The records below must be transcribed exactly, with each picture left out.

········

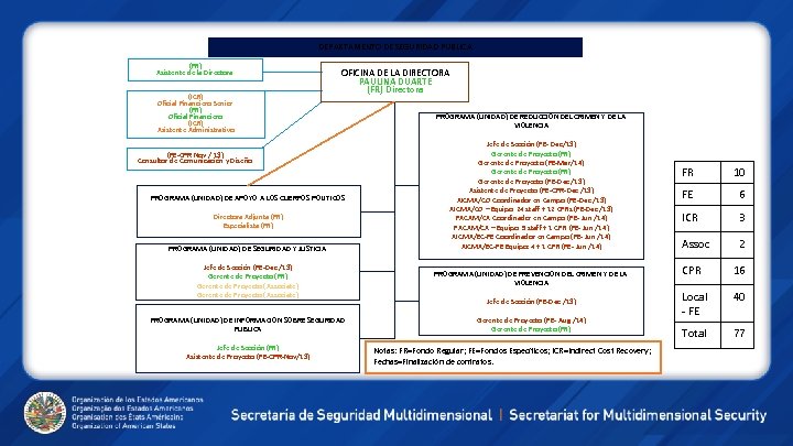 DEPARTAMENTO DE SEGURIDAD PUBLICA (FR) Asistente de la Directora (ICR) Oficial Financiero Senior (FR) Oficial Financiero (ICR) Asistente Administrativo OFICINA DE LA DIRECTORA PAULINA DUARTE (FR) Directora (FE-CPR Nov / 13) Consultor de Comunicación y Diseño PROGRAMA (UNIDAD) DE APOYO A LOS CUERPOS POLITICOS Directora Adjunta (FR) Especialista (FR) PROGRAMA (UNIDAD) DE SEGURIDAD Y JUSTICIA PROGRAMA (UNIDAD) DE REDUCCION DEL CRIMEN Y DE LA VIOLENCIA Jefe de Sección (FE- Dec/13) Gerente de Proyecto (FR) Gerente de Proyecto (FE-Mar/14) Gerente de Proyecto (FR) Gerente de Proyecto (FE-Dec /13) Asistente de Proyecto (FE-CPR-Dec /13) AICMA/CO Coordinador en Campo (FE-Dec /13) AICMA/CO – Equipo: 24 staff + 12 CPRs (FE-Dec /13) PACAM/CA Coordinador en Campo (FE- Jun /14) PACAM/CA – Equipo: 9 staff + 1 CPR (FE- Jun /14) AICMA/EC-PE Coordinador en Campo (FE- Jun /14) AICMA/EC-PE Equipo: 4 + 1 CPR (FE- Jun /14) Jefe de Sección (FE-Dec /13) Gerente de Proyecto (FR) Gerente de Proyecto (Associate) PROGRAMA (UNIDAD) DE PREVENCION DEL CRIMEN Y DE LA VIOLENCIA PROGRAMA (UNIDAD) DE INFORMACION SOBRE SEGURIDAD PUBLICA Gerente de Proyecto (FE- Aug /14) Gerente de Proyecto (FR) Jefe de Sección (FR) Asistente de Proyecto (FE-CPR-Nov/13) Jefe de Sección (FE-Dec /13) Notas: FR=Fondo Regular; FE=Fondos Específicos; ICR=Indirect Cost Recovery; Fechas=Finalización de contratos. FR 10 FE 6 ICR 3 Assoc 2 CPR 16 Local - FE 40 Total 77
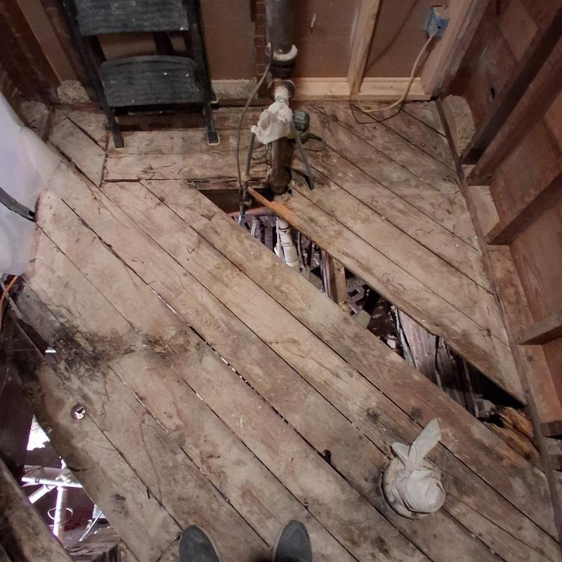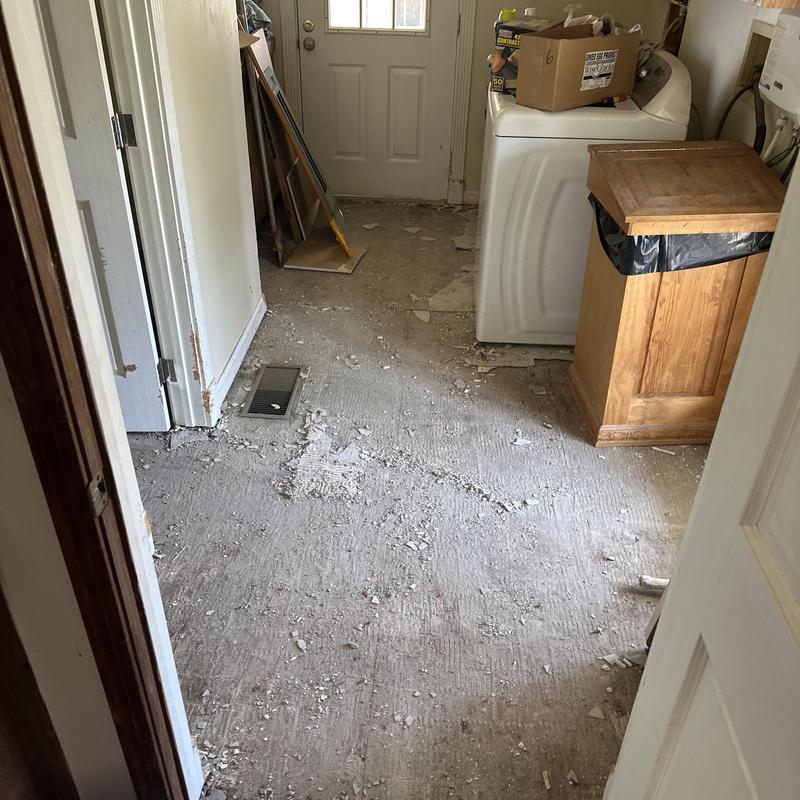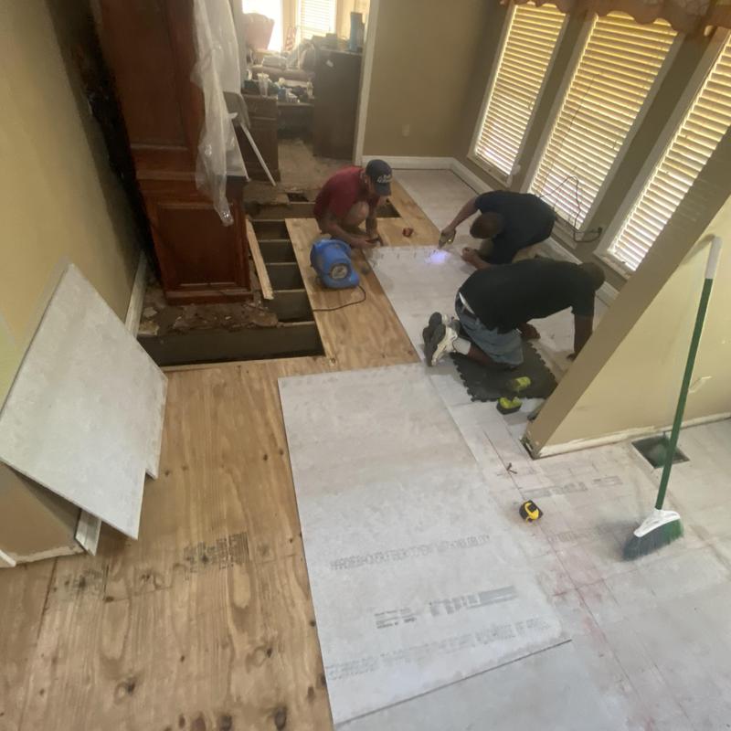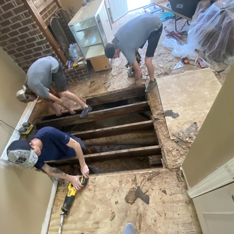 BORN AGAIN HOME REMODELING AND ROOFING LLC removed ceramic flooring in Brandon, Mississippi, to inspect the subfloor. The team found damage in the substructure and evaluated the area to define the next repair steps. This process ensured the structure's condition was properly assessed before further work began.
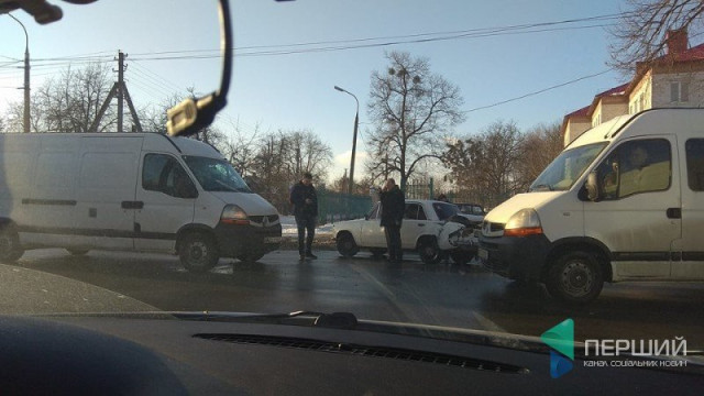 Мікроавтобус Renault в’їхав у «ВАЗ 2101». Задня частина легковика зазнала значних механічних ушкоджень.
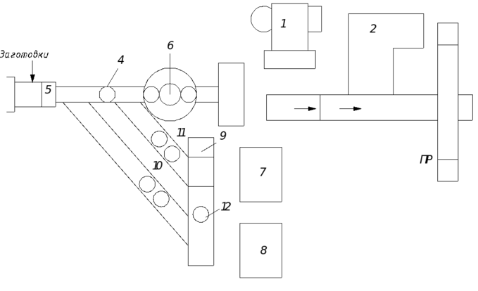 4 – конвейер; 5 – конвейер-накопитель; 6 – входной контроль; 7 – конвейер входного контроля;
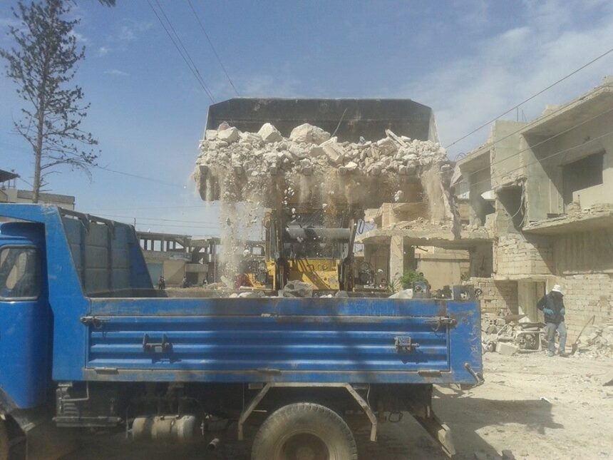 In Khan Eshieh Camp, Palestine Charity Association carried out a project to remove all the houses’ rubble off the streets, this project comes as part of the humanitarian work plan adopted by the association in light of complete absence of governmental and municipality services inside the camp, including the UNRWA services.
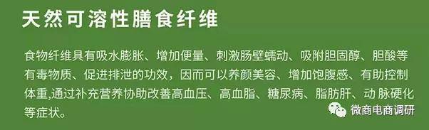 另外,该产品所含有的“天然可溶性膳食纤维”成分还被包装为可以协助改善高血压、高血脂、糖尿病、脂肪肝、动脉硬化等症状。
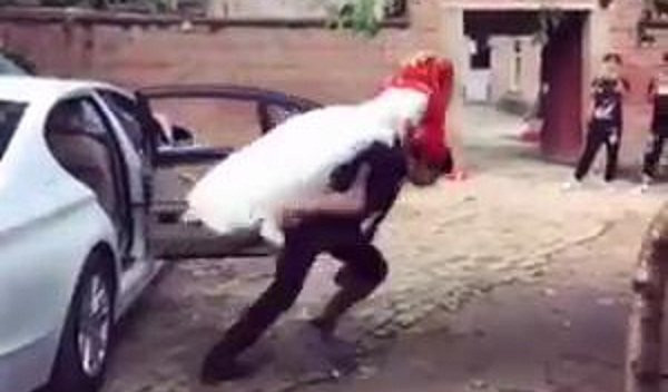 Chú rể nóng lòng cầm bó hoa tới cõng cô dâu ra khỏi xe nhưng mất đà chúi về phía trước khiến cả hai ngã sõng soài ra đất.
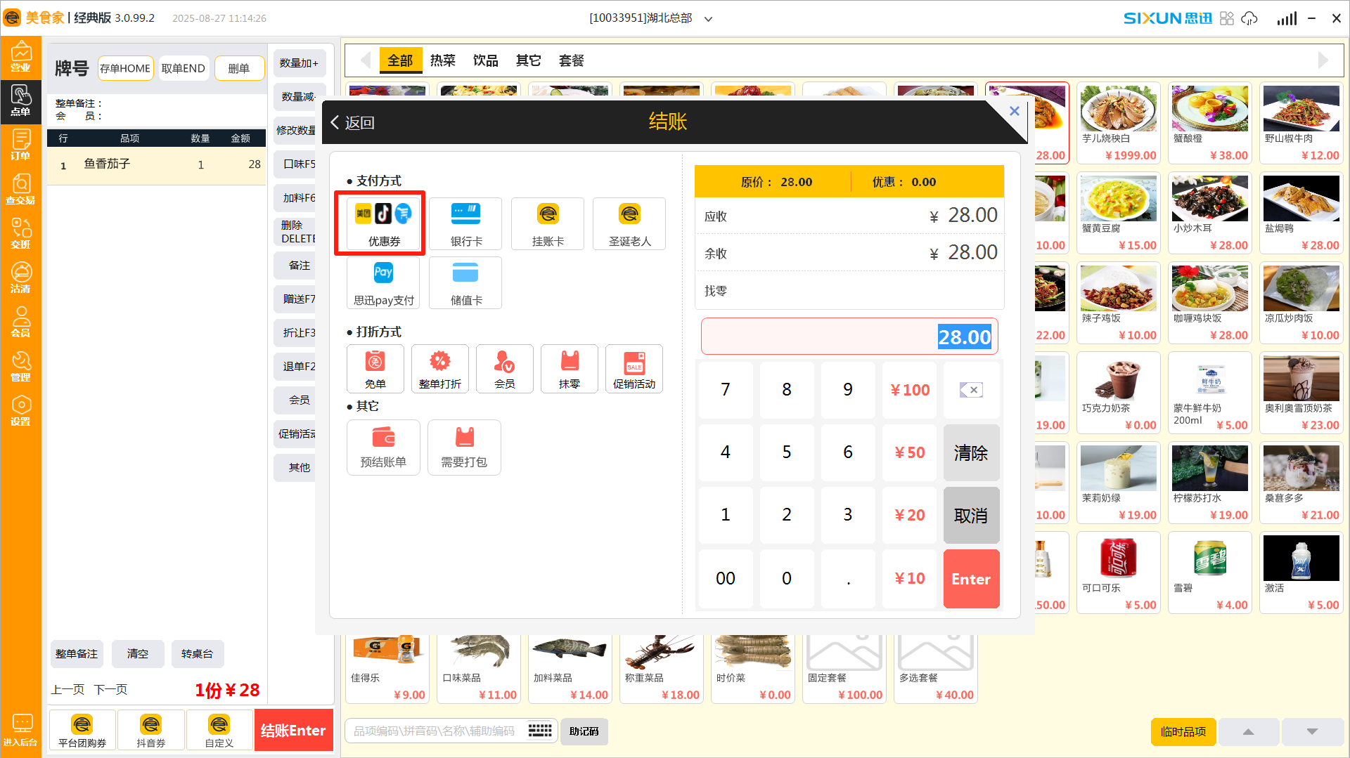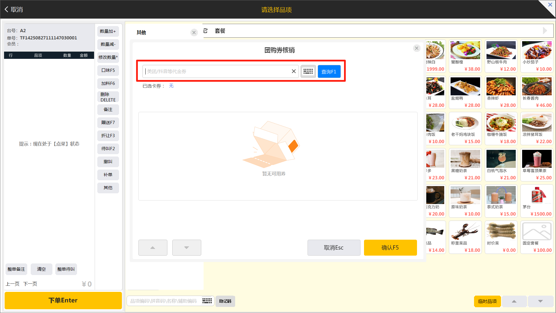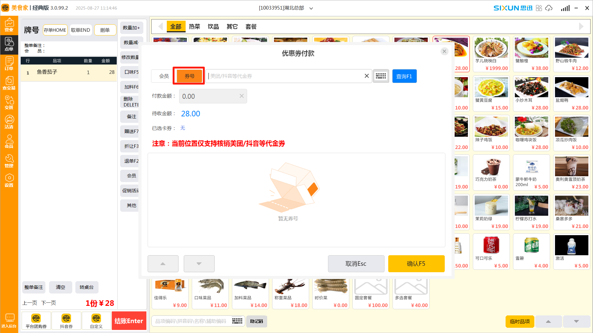 2.2 快餐具体操作方式:门店前台POS,点单模式,点菜-结账,选择“优惠券”,扫描顾客手机端出示的抖音团购券码,完成核销。

········

Solution to the exercise
 DEPARTAMENTO DE SEGURIDAD PUBLICA (FR) Asistente de la Directora (ICR) Oficial Financiero Senior (FR) Oficial Financiero (ICR) Asistente Administrativo OFICINA DE LA DIRECTORA PAULINA DUARTE (FR) Directora (FE-CPR Nov / 13) Consultor de Comunicación y Diseño PROGRAMA (UNIDAD) DE APOYO A LOS CUERPOS POLITICOS Directora Adjunta (FR) Especialista (FR) PROGRAMA (UNIDAD) DE SEGURIDAD Y JUSTICIA PROGRAMA (UNIDAD) DE REDUCCION DEL CRIMEN Y DE LA VIOLENCIA Jefe de Sección (FE- Dec/13) Gerente de Proyecto (FR) Gerente de Proyecto (FE-Mar/14) Gerente de Proyecto (FR) Gerente de Proyecto (FE-Dec /13) Asistente de Proyecto (FE-CPR-Dec /13) AICMA/CO Coordinador en Campo (FE-Dec /13) AICMA/CO – Equipo: 24 staff + 12 CPRs (FE-Dec /13) PACAM/CA Coordinador en Campo (FE- Jun /14) PACAM/CA – Equipo: 9 staff + 1 CPR (FE- Jun /14) AICMA/EC-PE Coordinador en Campo (FE- Jun /14) AICMA/EC-PE Equipo: 4 + 1 CPR (FE- Jun /14) Jefe de Sección (FE-Dec /13) Gerente de Proyecto (FR) Gerente de Proyecto (Associate) PROGRAMA (UNIDAD) DE PREVENCION DEL CRIMEN Y DE LA VIOLENCIA PROGRAMA (UNIDAD) DE INFORMACION SOBRE SEGURIDAD PUBLICA Gerente de Proyecto (FE- Aug /14) Gerente de Proyecto (FR) Jefe de Sección (FR) Asistente de Proyecto (FE-CPR-Nov/13) Jefe de Sección (FE-Dec /13) Notas: FR=Fondo Regular; FE=Fondos Específicos; ICR=Indirect Cost Recovery; Fechas=Finalización de contratos. FR 10 FE 6 ICR 3 Assoc 2 CPR 16 Local - FE 40 Total 77
 BORN AGAIN HOME REMODELING AND ROOFING LLC removed ceramic flooring in Brandon, Mississippi, to inspect the subfloor. The team found damage in the substructure and evaluated the area to define the next repair steps. This process ensured the structure's condition was properly assessed before further work began.
 Мікроавтобус Renault в’їхав у «ВАЗ 2101». Задня частина легковика зазнала значних механічних ушкоджень.
 4 – конвейер; 5 – конвейер-накопитель; 6 – входной контроль; 7 – конвейер входного контроля;
 In Khan Eshieh Camp, Palestine Charity Association carried out a project to remove all the houses’ rubble off the streets, this project comes as part of the humanitarian work plan adopted by the association in light of complete absence of governmental and municipality services inside the camp, including the UNRWA services.
 另外,该产品所含有的“天然可溶性膳食纤维”成分还被包装为可以协助改善高血压、高血脂、糖尿病、脂肪肝、动脉硬化等症状。
 Chú rể nóng lòng cầm bó hoa tới cõng cô dâu ra khỏi xe nhưng mất đà chúi về phía trước khiến cả hai ngã sõng soài ra đất.
 2.2 快餐具体操作方式:门店前台POS,点单模式,点菜-结账,选择“优惠券”,扫描顾客手机端出示的抖音团购券码,完成核销。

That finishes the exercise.